▶ **Problem**
Pictures stay out of the copy. Retype exactly, and only, the lines from the one containing "- Opéra de Tokyo" through the end of the listing below.

*** Source data ***

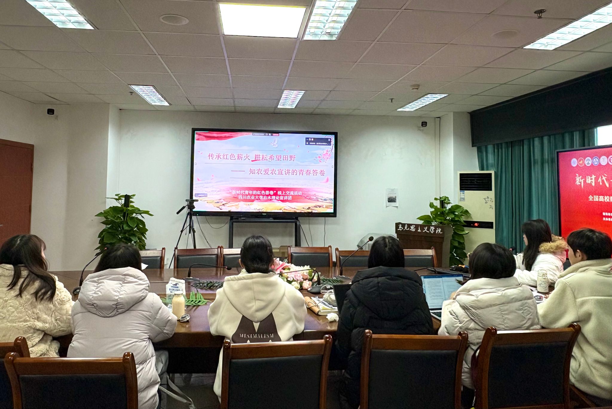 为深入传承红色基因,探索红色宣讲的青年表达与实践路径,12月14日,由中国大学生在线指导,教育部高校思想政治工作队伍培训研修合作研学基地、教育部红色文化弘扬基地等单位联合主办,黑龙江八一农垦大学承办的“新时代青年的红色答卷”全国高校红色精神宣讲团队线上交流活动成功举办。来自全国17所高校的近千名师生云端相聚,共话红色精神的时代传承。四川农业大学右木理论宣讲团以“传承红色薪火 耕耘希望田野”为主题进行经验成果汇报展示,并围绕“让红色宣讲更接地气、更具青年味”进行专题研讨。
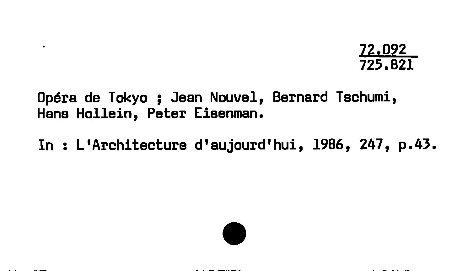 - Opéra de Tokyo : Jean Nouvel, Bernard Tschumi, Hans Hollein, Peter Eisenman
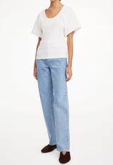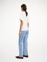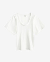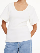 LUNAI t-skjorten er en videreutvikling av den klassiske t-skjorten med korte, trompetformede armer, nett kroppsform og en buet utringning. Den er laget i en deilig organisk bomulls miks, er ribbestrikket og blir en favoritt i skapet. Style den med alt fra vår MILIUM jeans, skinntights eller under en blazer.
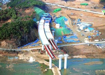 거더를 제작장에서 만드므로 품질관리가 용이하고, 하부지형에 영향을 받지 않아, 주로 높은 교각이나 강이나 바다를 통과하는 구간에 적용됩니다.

***

▶ **Solution to the exercise**
 - Opéra de Tokyo : Jean Nouvel, Bernard Tschumi, Hans Hollein, Peter Eisenman
 LUNAI t-skjorten er en videreutvikling av den klassiske t-skjorten med korte, trompetformede armer, nett kroppsform og en buet utringning. Den er laget i en deilig organisk bomulls miks, er ribbestrikket og blir en favoritt i skapet. Style den med alt fra vår MILIUM jeans, skinntights eller under en blazer.
 거더를 제작장에서 만드므로 품질관리가 용이하고, 하부지형에 영향을 받지 않아, 주로 높은 교각이나 강이나 바다를 통과하는 구간에 적용됩니다.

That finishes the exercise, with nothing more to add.